- _What to work on_:
What should be copied is the stretch of entries below from the line with "一、2025年淮南灵活就业4050社保补贴标准及条件是什么" up to and including the line with "O relógio analógico", exactly and without images.

- _Records for this exercise_:
────────────────

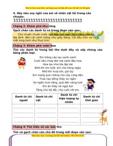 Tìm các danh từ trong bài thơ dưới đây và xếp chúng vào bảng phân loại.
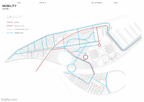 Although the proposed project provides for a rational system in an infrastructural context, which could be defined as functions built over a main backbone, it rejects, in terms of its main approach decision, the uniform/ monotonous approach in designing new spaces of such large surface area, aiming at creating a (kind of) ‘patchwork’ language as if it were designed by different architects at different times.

────────────────

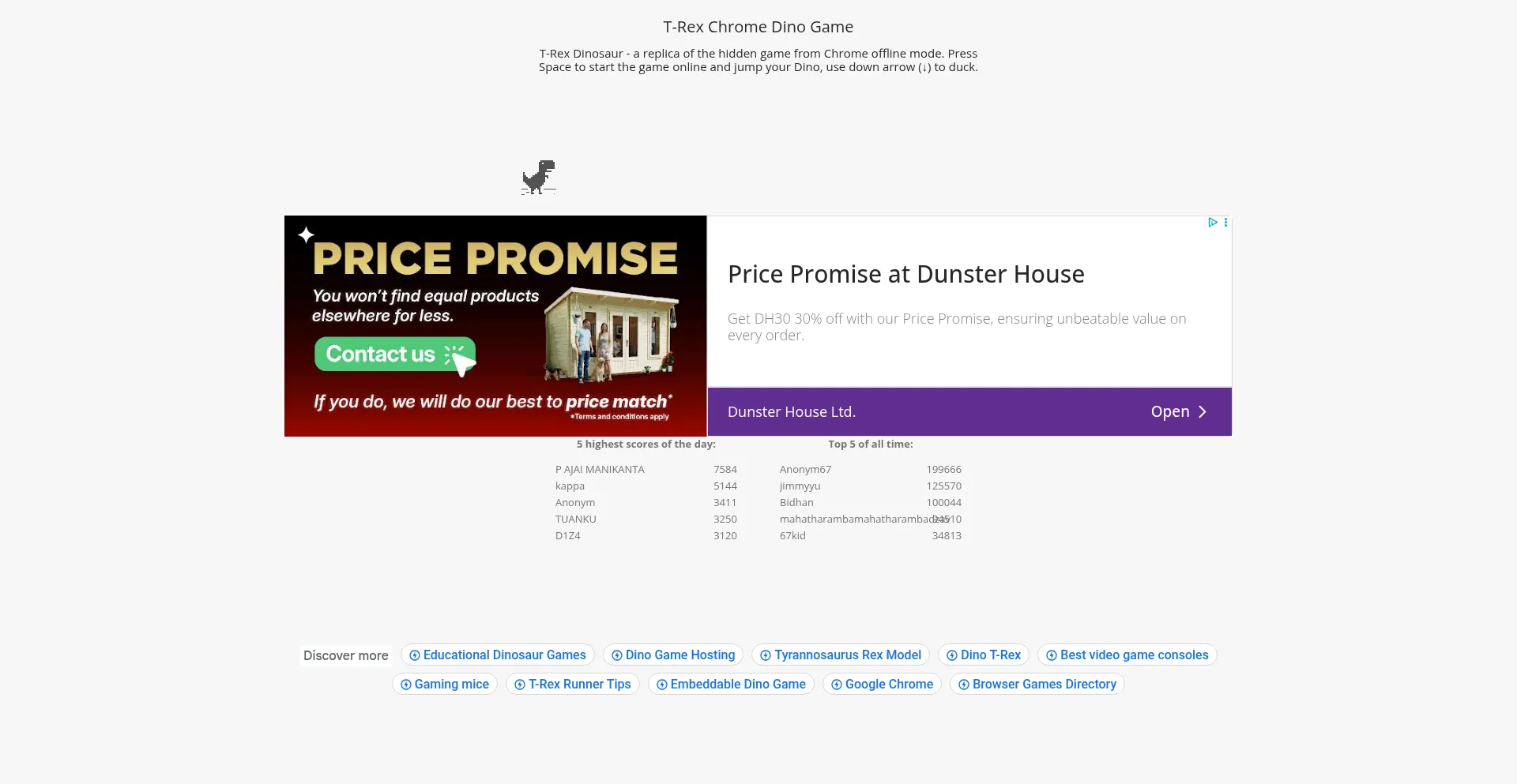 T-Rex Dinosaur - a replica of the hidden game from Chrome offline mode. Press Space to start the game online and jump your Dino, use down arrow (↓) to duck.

────────────────

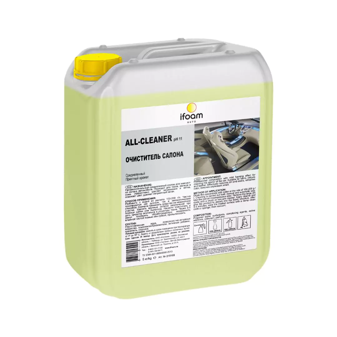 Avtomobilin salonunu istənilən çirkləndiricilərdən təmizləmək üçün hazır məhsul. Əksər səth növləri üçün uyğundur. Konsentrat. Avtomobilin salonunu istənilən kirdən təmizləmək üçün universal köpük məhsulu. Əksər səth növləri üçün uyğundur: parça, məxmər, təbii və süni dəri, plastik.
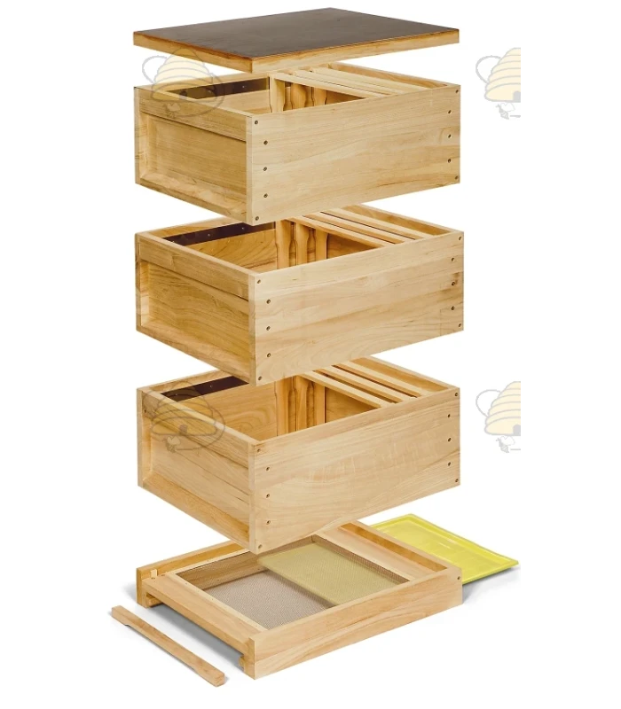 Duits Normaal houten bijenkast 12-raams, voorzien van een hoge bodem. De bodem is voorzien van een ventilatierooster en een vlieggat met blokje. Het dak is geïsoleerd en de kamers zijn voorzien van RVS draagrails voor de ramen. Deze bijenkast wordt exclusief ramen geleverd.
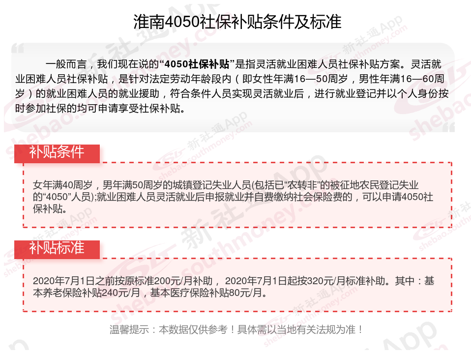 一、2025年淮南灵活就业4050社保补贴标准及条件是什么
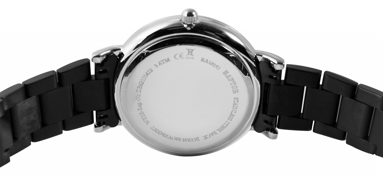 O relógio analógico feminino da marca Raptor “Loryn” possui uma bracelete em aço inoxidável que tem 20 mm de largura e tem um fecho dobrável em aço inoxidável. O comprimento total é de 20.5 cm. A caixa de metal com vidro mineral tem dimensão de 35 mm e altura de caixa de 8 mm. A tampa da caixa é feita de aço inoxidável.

────────────────

- _Task answer_:
 一、2025年淮南灵活就业4050社保补贴标准及条件是什么
 O relógio analógico feminino da marca Raptor “Loryn” possui uma bracelete em aço inoxidável que tem 20 mm de largura e tem um fecho dobrável em aço inoxidável. O comprimento total é de 20.5 cm. A caixa de metal com vidro mineral tem dimensão de 35 mm e altura de caixa de 8 mm. A tampa da caixa é feita de aço inoxidável.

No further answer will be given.